Approaching Lane Closures

Lane Ends SignThere is probably nowhere that the unofficial rules of the road are "enforced " by other drivers like that of the lane closure line up. You know, the long line up of traffic that forms on one side of the highway after drivers pass the lane closed ahead advisory signs. Drive by in the empty lane and I've seen people open their doors or swerve partially into that lane to let other drivers know that they are supposed to be in the line up, not using the capacity in the empty lane to get ahead.

The trouble is, this is not the best way to behave when traffic approaching the lane closure is heavier than what can be accommodated by a single lane. What everyone should do is be aware that the lane ends ahead, continue with caution using both lanes, and at the end merge like the teeth in a zipper before proceeding through the zone single file. This will move 15% more traffic than the situation where everyone moves over and lines up when they start to see the signs.

If we're lucky, this method will only slow us down, but not cause us to wait in a line that is virtually stopped. If traffic is light and no line has formed, merging early is perfectly acceptable. Due to the lower volume, a backup will not form to cause delay.

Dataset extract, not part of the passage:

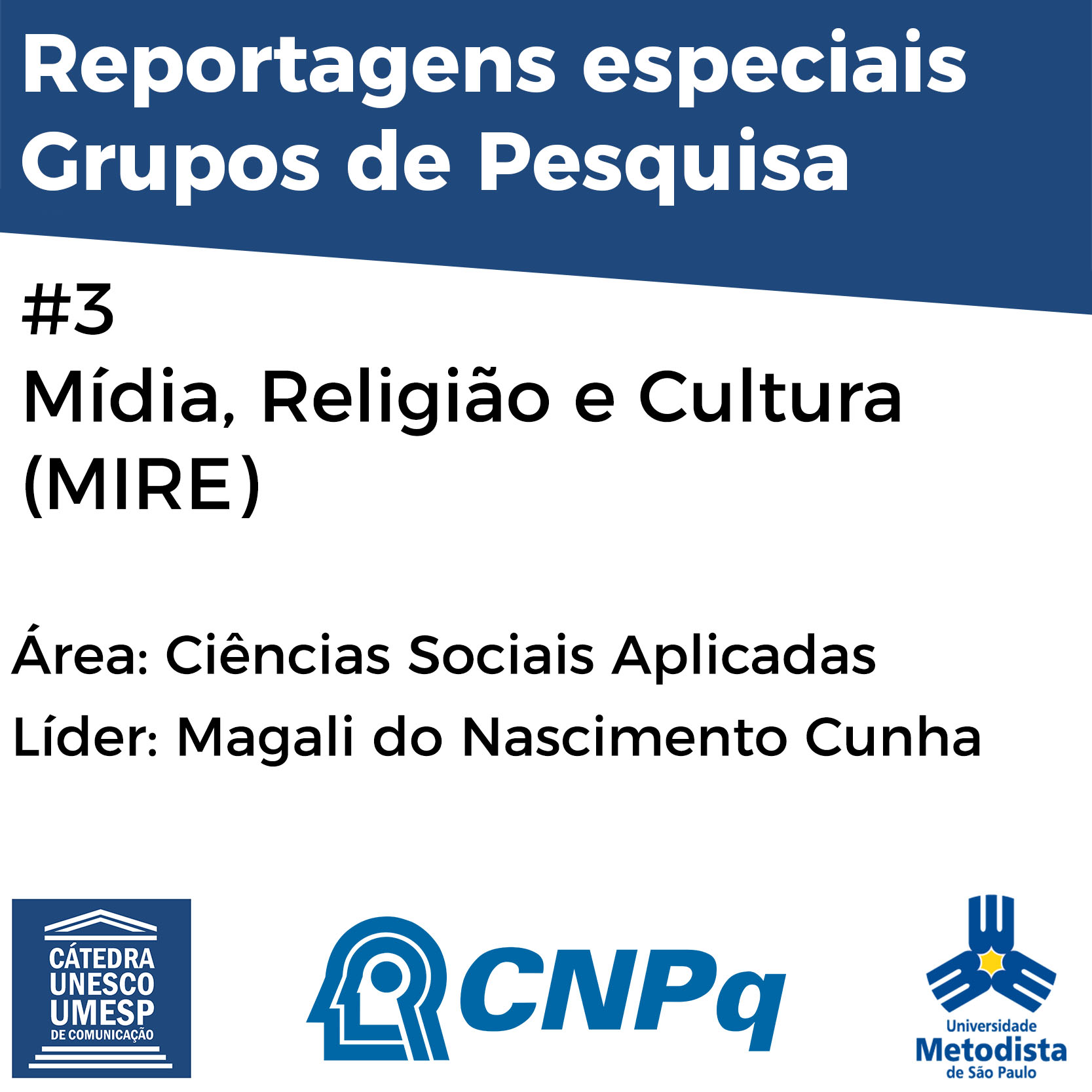 O terceiro Grupo a ser explorado nessa série é o Mídia, Religião e Cultura (MIRE), que teve início em 2014 e é liderado atualmente pela professora Magali do Nascimento Cunha, do Programa de Pós-Graduação em Comunicação Social da UMESP. Seu objetivo é buscar com a perspectiva da interdisciplinaridade, compreender a presença da religião e do "religioso" nos processos comunicacionais midiáticos na inter-relação com as práticas culturais contemporâneas no Brasil.

These practices are acceptable because the black on orange signs used in these situations are advisory. A driver can choose to take the advice (or not) as their experience, traffic and road conditions would dictate in the circumstances. Flag persons, cones, barricades and the like are traffic control devices that must be obeyed. Once you reach them at the point where the lane is closed, it becomes an offence to fail to follow their requirements. Now you must move over as indicated, but not before.



That isn't a construction sign, pictured ...

... but is still commonly encountered, where one lane is discontinued.

To my mind, the legal situation is that the drivers in the lane that's ending are required to change lanes, which makes it their responsibility to do so safely.

But of course the practical response is for drivers to treat this as a zipper merge.  Why on earth don't we have 'Zipper Merge' or 'Alternate Merge' signs (notwithstanding the fact that words have been replaced by symbols where possible over the last few decades)?  Perhaps, because those who write the legislation in the MVA don't consider it important?

Does not reflect well on those who create the legislation.  I guess they just don't care, or figure it's an ICBC problem (it isn't).